By becoming deeply aware of our mortality, we intensify our experience of every aspect of life– Robert Greene
Two weeks ago my husband’s oldest friend lost his mother. To understand this particular friend and by extension, friendship circle, you must imagine the most loving and loyal people in your own life. Then and only then can you understand and empathize with the closeness and camaraderie of this circle. The realness and kindness within this friendship group has taken my breath away on more than one occasion, and I continue to be thankful I inherited such a loving and loyal bunch via marriage. They’re our people for problems, celebrations, ordinary occasions, and soul shaking experiences. Therefore, the loss of a parent is a call to gather and support while wading into the deep waters of grief with one another.
Death does something to us that is painfully beautiful, which is allow us the opportunity to gratefully acknowledge the brevity of breath. It also calls upon us to examine the path we’re on and the maps we’re following. In short, are we living the life we desire?

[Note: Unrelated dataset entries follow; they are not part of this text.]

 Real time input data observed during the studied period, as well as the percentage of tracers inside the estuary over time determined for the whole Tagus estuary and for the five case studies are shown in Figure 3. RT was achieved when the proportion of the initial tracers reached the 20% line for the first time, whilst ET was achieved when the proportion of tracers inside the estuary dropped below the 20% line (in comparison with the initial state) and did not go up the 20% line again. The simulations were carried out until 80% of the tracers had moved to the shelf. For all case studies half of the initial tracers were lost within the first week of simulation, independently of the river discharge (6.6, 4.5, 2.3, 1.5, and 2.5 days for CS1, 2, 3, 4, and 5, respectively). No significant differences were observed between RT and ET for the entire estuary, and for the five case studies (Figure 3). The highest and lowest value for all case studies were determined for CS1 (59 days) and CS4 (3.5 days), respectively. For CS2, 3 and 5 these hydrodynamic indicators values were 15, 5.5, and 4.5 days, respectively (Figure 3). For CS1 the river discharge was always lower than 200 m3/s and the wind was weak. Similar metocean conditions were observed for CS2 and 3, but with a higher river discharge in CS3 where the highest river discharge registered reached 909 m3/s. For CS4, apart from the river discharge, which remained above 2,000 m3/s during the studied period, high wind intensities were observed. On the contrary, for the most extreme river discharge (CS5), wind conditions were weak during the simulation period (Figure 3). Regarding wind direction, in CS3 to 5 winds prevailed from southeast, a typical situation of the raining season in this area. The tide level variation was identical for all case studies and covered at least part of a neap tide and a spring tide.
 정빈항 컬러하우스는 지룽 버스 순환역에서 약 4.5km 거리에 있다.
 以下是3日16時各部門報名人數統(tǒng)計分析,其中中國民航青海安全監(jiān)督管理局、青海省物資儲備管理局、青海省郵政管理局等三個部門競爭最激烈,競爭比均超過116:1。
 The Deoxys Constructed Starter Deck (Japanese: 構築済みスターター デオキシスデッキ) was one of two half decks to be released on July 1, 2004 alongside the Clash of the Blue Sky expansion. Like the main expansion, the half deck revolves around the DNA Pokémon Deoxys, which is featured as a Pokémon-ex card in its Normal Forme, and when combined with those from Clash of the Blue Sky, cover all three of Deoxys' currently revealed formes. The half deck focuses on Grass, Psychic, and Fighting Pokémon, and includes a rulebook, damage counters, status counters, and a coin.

I’ve spent the past several days reminding myself that tomorrow is not promised. It’s an incredibly challenging concept to accept and adapt to, especially because so much of life is centered upon the surface but necessary hustle and bustle business. So, how should we live? I’m not an expert in this arena, but I’m going with the gut response here, which is fiercely and lovingly. Essentially, I’m embracing Erma Bombeck’s stance with these words, “When I stand before God at the end of my life, I would hope that I would not have a single bit of talent left but could say I’ve used everything you gave me.”